I went to bed at 2am playing vids, my way to unstress from work.

I fall asleep very fast and I'm a sound sleeper.

My wifee decides to ask me many questions about my parents at 2am when I am literally falling asleep and not all mentally there anymore.

She doesn't stop, hit me many times and after a while of this, I am now awake and angry, but laughing is my way to deal with this instead of hitting her back.

I told her my parents either email or call us the day before they want to visit and it's always been that way.

This morning, she is still uptight, angry, getting upset and Mrs.CuddleBug got me quite angry moments ago. I told her, you always hit me hard when you get upset but notice I never hit you back? You are physically abusive to me and how would you like it if I always hit you when you got me angry??? She tells me, she won't hit me anymore.....we'll see.

I tell her, whenever my parents visit, once every few years, for one day, for an afternoon, you always get crazy and I don't. I like her parents and don't mind them visiting but they usually never do.

She gets so uptight and upset, cleaning everything, worrying, and all for nothing!!!

So now for most of this day, I am not a happy camper. I told Mrs.CuddleBug, if I get angry, I'm angry most of the day and then I'm fine. It's not I'm happy and then angry every hour.

Then she tries and says, if we both drop it, can we move on? I countered her and said, you started all this, not me. This is slowly sinking into her head......slowly.


How can I deal with for the next time or when anyone visits?


Overall, we are moving 2 steps forward but this is one step back. Normal I guess but since we usually never fight, this drives me crazy.

She also said, you play vids alot and late. I told her, if you had a healthy high adventurous sex drive, my viding would be much less. Either I vid for stress relief, get sex, weight train, or landscape. No sex = viding during the work week.....can't have it both ways.


----------



## EleGirl (Dec 3, 2011)

CuddleBug said:


> How can I deal with for the next time or when anyone visits?

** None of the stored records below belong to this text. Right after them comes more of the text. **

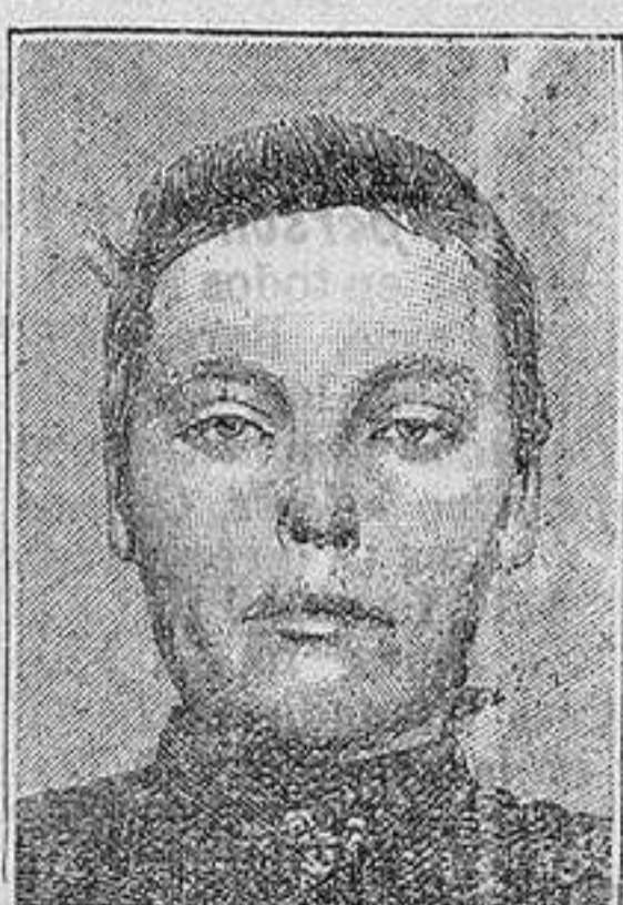
Después de la curación

En casa ha adivinado los lectores de este periódico el descubrimiento sensacional del RICHELET , Farmacéutico y Químico en Sedón de Francia, en lo que toca a las enfermedades de la piel. A qui la lis de estas enfermedades que han sido curadas, después de algunos días por este tratamiento maravilloso: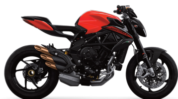
ROSSO AGO/NERO CARBON METALLIZZATO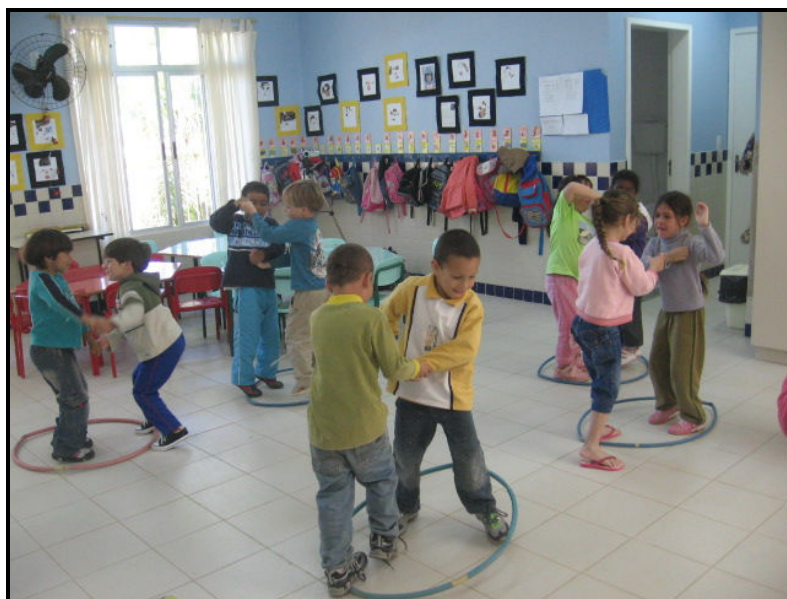
Figura 7- Meninos dançam com meninos e meninas dançam com meninas.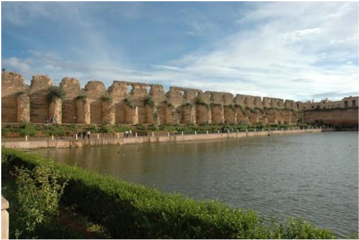
8. Aguedal, zbiornik wodny z czasów Moulay Ismaïla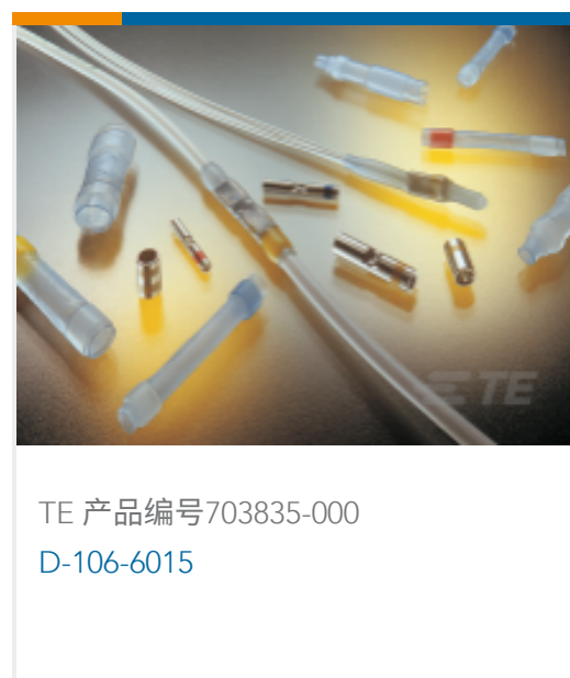
TE 产品编号703835-000 D-106-6015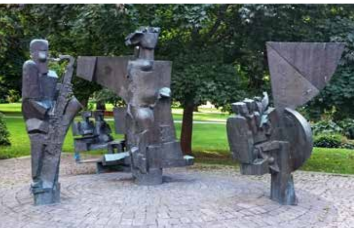
▲ Bronsskulpturen "Borgarna" av Olle Adrin (1918–1988) tillverkad 1957–1961, med "pensionären" som spelar saxofon, "kronbruden" – kvinnan som livets sammanhållande och väsentliga faktor, "atommaskinen" där klotet symboliserar såväl atomen som jorden och "rymdmaskinen" med Pythagoras sats ingraverad.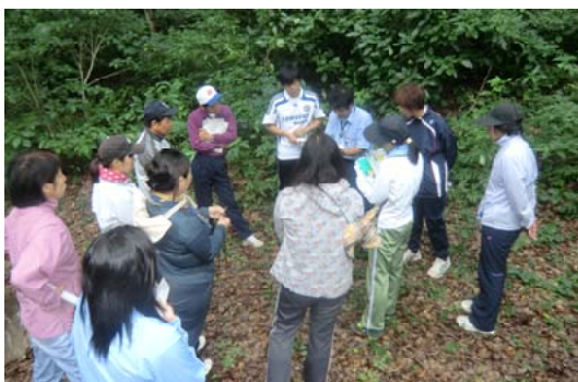
芳野みんなの森で職員から説明を聞く先生たち(熊本)

【熊本森林管理署】当署と遊々の森協定を結んでいる熊本市立芳野小学校の要請を受け、先生12人を対象に森林環境教育を行いました。はじめに、森林ふれあい係長が「遊々の森」の活用の仕方や、児童たちへの森林環境教育のすすめ方を説明。続いて「芳野みんなの森」の樹木についての説明や葉を用いたバツタ作りに挑戦しました。先生から、「この勉強を機会に2学期からの教育の参考にしてほしい」旨のあいさつがありました。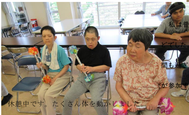
休憩中です。たくさん体を動かしました。

私は普段運動をしないせいか、途中で息切れがするほどでした。利用者さんは楽しく過ごす中でいつの間にか時間も過ぎているようで、皆笑顔でした。今後も不定期ですが参加するのが楽しみです。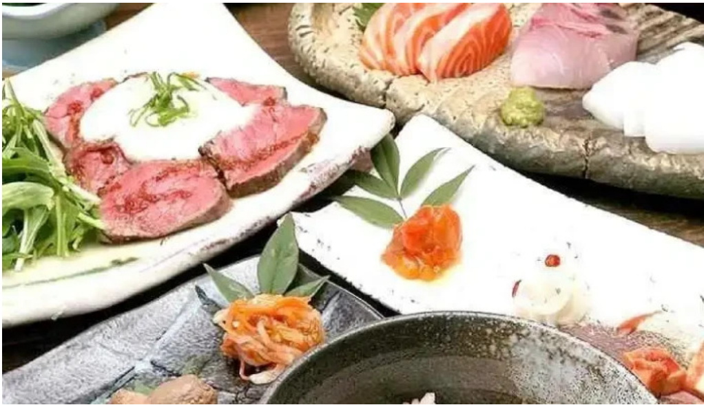
木波屋雑穀堂 料理飲み物

You give her all the details before 2am. Tell her what's going on so that she does not feel left about of the loop at 2am.


----------



## SlowlyGoingCrazy (Jun 2, 2011)

Were you helping with the cleaning and cooking and prepping for company? I would be annoyed if an in-law was coming by and DH stayed up until 2am playing games and I had to do all the company prep the next day. 


Also with this
"Then she tries and says, if we both drop it, can we move on? I countered her and said, you started all this, not me."

sounds like you just wanted to get the last word in and/or continue fighting. Just drop it and move on, no need to blame.


----------



## WorkingOnMe (Mar 17, 2012)

SlowlyGoingCrazy said:


> Were you helping with the cleaning and cooking and prepping for company? I would be annoyed if an in-law was coming by and DH stayed up until 2am playing games and I had to do all the company prep the next day.

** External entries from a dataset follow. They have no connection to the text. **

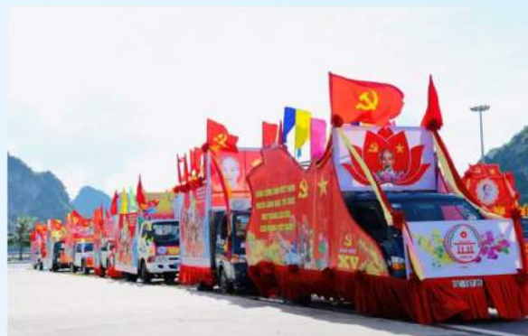
Hình 24d (rước bằng xe)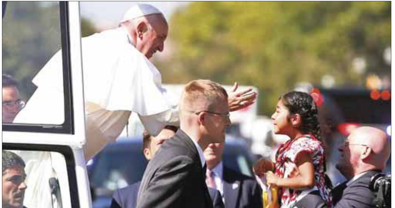
Es la cuarta visita del Pontífice al continente americano, después de su viaje a Cuba, Ecuador, Bolivia y Paraguay en 2015, y a Brasil, en 2013

El viaje del Papa a México, el cuarto de su pontificado a Latinoamérica, se realizará del 12 al 18 de febrero próximos.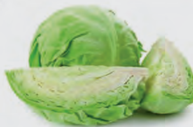
Repolho Verde Kg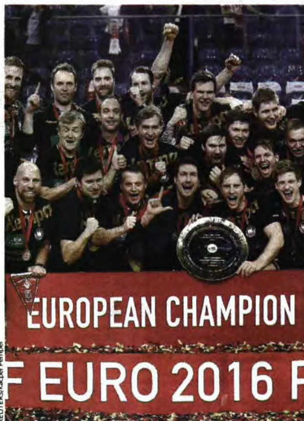
Alemanha foi campeã da Europa pela segunda vez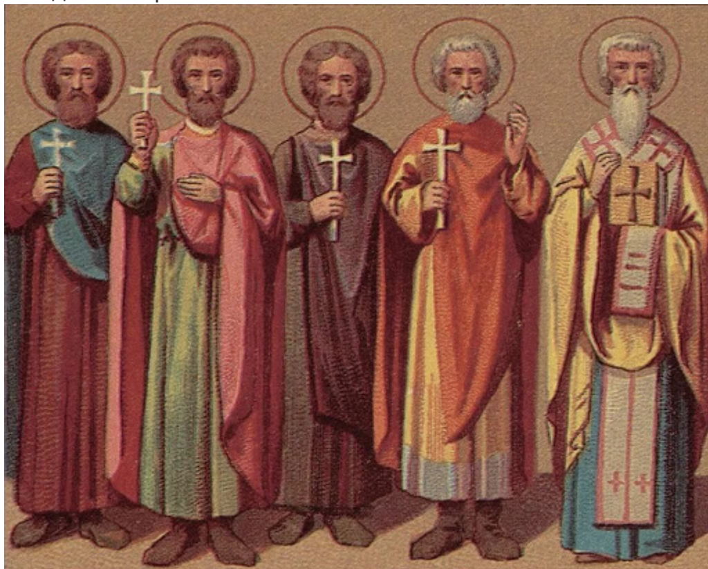
Священномученик Аполлинарий, епископ Равеннский

христианство. В Равенне епископ Аполлинарий проповедовал 12 лет, очень сильно укрепив местную христианскую общину. За это святитель неоднократно арестовывался, подвергался пыткам и ссылаясь, но и в ссылке активно проповедовал веру во Христа Распятого и Воскресшего. Разъярённые язычники однажды напали на святого Аполлинария и избили так сильно, что от полученных побоев старец скончался. Это произошло в 75 году от Рождества Христова.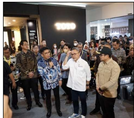
店舗内ギャラリーを視察する Zulkifli 貿易省大臣と説明を行う Budi 副社長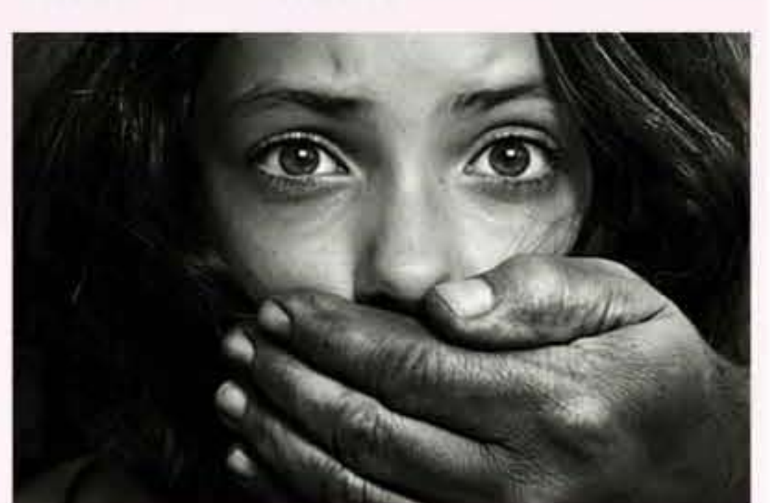
●世界上其中一項最嚴重的罪惡—販運人口,就是人口販賣。

中國雲南的邊境,正是當今其中一個人口販子的集散地。從越南、緬甸、柬埔寨及寮國等地區,都有自願或非自願的人口販運受害者。所謂「自願的受害者」,往往是被人誘騙而來的,一些年輕的少女聽到別人游說,到了中國城市可以每月賺上數百萬元越南盾(約數千元人民幣)。人口販子給她們過關入中國,然後把她們帶到一些髮廊,向人們提供性服務。她們往往被游說可以先試做幾個月,不喜歡的話可以回去。但習慣了「躺著賺錢」的生活,便很難回頭。有一些則再被賣到落後農村或其他國家做新娘。

I always find this kind of amusing. Men and women seem to think so differently about this. My parents live 3000 miles away. I grew up in their house and I will tell you right now that my mother is NOT tidy, not even a little bit. My wife has been to their house many times and she knows this too. But if they travel to visit us my wife is running around like crazy cleaning everything and making sure everything is in it's proper place. Why? I don't get it. My mother is never going to comment. I can remember my grandmother visiting (they only lived 20 minutes away) and she would run her fingers over surfaces and make little comments under her breath, and still my mother didn't give a crap. I think she left the house messy just to spite her.

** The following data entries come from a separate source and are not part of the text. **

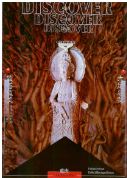
圖 2-4 發現 揚仁敏 2002

圖2-6 島形傳遞無形的思想，背景是西方國家對台灣測繪及航海的地圖，代表台灣上、地球上的座標。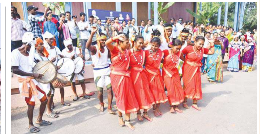
గిరిజన స్వాధీమాన్ ఉత్సవాలు-2024లో భాగంగా విజయవాడలో సంబరాలు చేస్తున్న గిరిజనులు...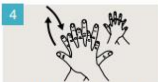
Frótese la palma de la mano derecha contra el dorso de la mano izquierda entrelazando los dedos, y viceversa.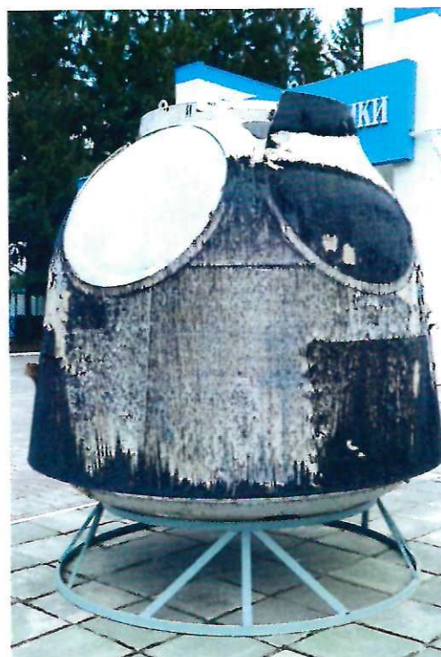
Спускаемый аппарат космического корабля «СОЮЗ ТМА -1», в котором члены 6-ой долговременной экспедиции на МКС приземлились 4 мая 2003 г.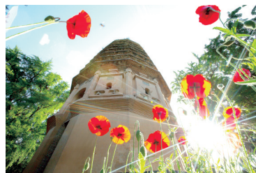
古刹下的虞美人 赏花地点:嵩山景区嵩岳寺塔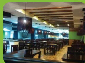
REKONSTRUIRAN 2. SPRAT RK "OMEGA" ŽIVINICE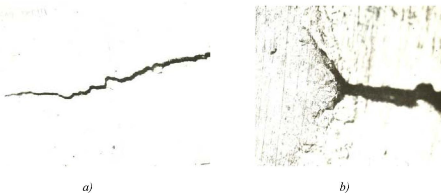
Figure 2 – The top of the fatigue crack: a) before the overload; b) after overload

Results and discussion. Overload leads to a significant disclosure to the crack tip blunting and vetvlienyu Usti cracks in the vicinity of which is highly developed plastic zone (figure 2).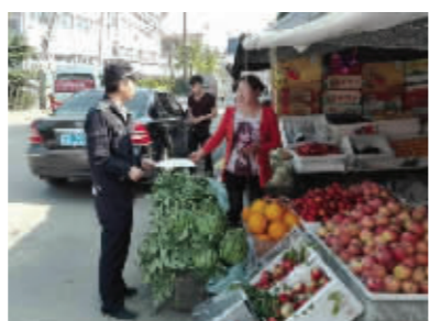
开展农贸市场周边市容环境秩序整治行动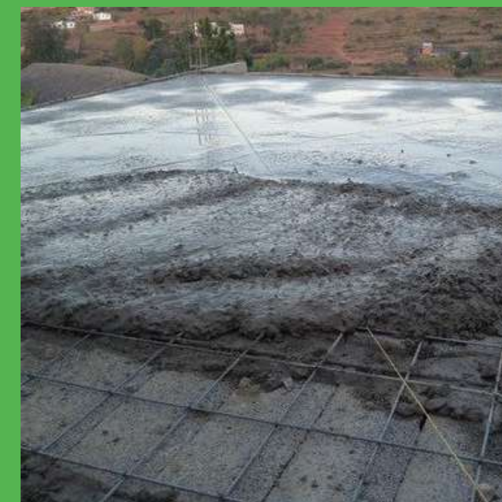
Coulage béton dalle de compression et nervure

So anyway, Cuddlebug didn't help clean because he didn't think they needed to go to all that trouble for a simple visit.


----------



## Anon Pink (Jan 17, 2013)

WOM, WOM, WOM... You just don't get it. It's not just the visitors expectations of cleanliness, it's showing your home and the way you live to the people who raised your husband. 

My mother in law is as old school as they get when it comes to a clean home but would NEVER say or indicate anything was amiss during a visit.

Cuddle bug, if you know she goes a little bat sh!t when your parents visit, step it up to ease her tensions WHILE you encourage her to calm the hell down.

The hitting part, unacceptable! Don't let it drop until she fully apologizes and explains why it is unacceptable for ANY spouse to hit another spouse. Unless of course she wants a spanking too...


----------



## Holland (Aug 20, 2012)

I always clean the house in readiness for visitors, it is about having pride in ones home, that should not be too hard to understand.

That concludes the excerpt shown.